服务端调用 executeQuery 来处理client发送的Query,执行后的结果保存在state这个结构体的io成员中。
每一条Query都会对应一个state结构体,记录了这条Query的id,处理状态,压缩算法,Query的文本和Query所处理数据对应的IO流等元信息。
然后服务端调用 processOrdinaryQuery 等方法把输出流结果封装成异步的IO流,发送到回client。
解析请求(Parser)
词法分析和语法分析的核心逻辑可以在parseQuery.cpp的 tryParseQuery 中一览无余。

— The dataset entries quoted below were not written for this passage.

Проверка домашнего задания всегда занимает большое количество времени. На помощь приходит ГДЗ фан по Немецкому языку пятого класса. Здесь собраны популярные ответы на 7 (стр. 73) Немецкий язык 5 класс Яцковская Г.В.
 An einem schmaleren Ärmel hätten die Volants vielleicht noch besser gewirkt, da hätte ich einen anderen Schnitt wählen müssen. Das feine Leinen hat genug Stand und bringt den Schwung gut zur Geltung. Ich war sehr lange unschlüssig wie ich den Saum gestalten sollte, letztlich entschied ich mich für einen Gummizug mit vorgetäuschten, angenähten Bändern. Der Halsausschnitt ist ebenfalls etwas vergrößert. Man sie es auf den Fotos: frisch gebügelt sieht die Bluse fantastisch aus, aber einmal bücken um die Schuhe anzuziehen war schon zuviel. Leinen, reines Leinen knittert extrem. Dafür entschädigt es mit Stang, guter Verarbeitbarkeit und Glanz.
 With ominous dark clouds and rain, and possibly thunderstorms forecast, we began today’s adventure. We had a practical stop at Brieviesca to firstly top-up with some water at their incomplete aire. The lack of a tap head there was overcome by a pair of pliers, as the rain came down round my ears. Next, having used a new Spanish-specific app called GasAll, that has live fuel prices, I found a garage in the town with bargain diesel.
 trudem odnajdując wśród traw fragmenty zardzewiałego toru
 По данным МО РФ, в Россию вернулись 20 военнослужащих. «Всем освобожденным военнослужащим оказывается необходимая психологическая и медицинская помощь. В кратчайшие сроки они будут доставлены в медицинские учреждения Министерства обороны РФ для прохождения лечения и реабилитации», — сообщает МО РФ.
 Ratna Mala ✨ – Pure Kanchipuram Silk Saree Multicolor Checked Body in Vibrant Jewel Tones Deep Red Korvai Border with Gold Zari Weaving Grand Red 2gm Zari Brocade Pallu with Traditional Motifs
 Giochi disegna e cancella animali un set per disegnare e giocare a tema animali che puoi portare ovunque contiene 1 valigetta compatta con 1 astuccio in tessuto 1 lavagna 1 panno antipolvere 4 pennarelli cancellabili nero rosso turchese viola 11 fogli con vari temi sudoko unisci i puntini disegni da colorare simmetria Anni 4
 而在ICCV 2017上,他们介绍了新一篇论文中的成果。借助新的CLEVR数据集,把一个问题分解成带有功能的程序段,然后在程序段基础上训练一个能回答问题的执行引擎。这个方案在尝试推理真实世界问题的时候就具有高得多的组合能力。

该函数利用lexer将扫描Query字符流,将其分割为一个个的Token, token_iterator 即一个Token流迭代器,然后parser再对Token流进行解析生成AST抽象语法树。
ASTPtr tryParseQuery()
{
//Token为lexer词法分析后的基本单位,词法分析后生成的是Token流
Tokens tokens(pos, end, max_query_size);
IParser::Pos token_iterator(tokens);
ASTPtr res;
//Token流经过语法分析生成AST抽象语法树
bool parse_res = parser.parse(token_iterator, res, expected);
return res;
}
bool ParserQuery::parseImpl(Pos & pos, ASTPtr & node, Expected & expected)
{
ParserQueryWithOutput query_with_output_p(enable_explain);
ParserInsertQuery insert_p(end);
ParserUseQuery use_p;
ParserSetQuery set_p;
ParserSystemQuery system_p;
bool res = query_with_output_p.parse(pos, node, expected)
|| insert_p.parse(pos, node, expected)
|| use_p.parse(pos, node, expected)
|| set_p.parse(pos, node, expected)
|| system_p.parse(pos, node, expected);
return res;
}
bool ParserSelectQuery::parseImpl(Pos & pos, ASTPtr & node, Expected & expected)
{
//创建AST树节点
auto select_query = std::make_shared<ASTSelectQuery>();
node = select_query;
//select语句中会出现的关键词
ParserKeyword s_select("SELECT");
ParserKeyword s_distinct("DISTINCT");
ParserKeyword s_from("FROM");
ParserKeyword s_prewhere("PREWHERE");
ParserKeyword s_where("WHERE");
ParserKeyword s_group_by("GROUP BY");
ParserKeyword s_with("WITH");
ParserKeyword s_totals("TOTALS");
ParserKeyword s_having("HAVING");
ParserKeyword s_order_by("ORDER BY");
ParserKeyword s_limit("LIMIT");
ParserKeyword s_settings("SETTINGS");
ParserKeyword s_by("BY");
ParserKeyword s_rollup("ROLLUP");
ParserKeyword s_cube("CUBE");
ParserKeyword s_top("TOP");
ParserKeyword s_with_ties("WITH TIES");
ParserKeyword s_offset("OFFSET");
//...
//依次对Token流爬取上述关键字
ParserTablesInSelectQuery().parse(pos, tables, expected)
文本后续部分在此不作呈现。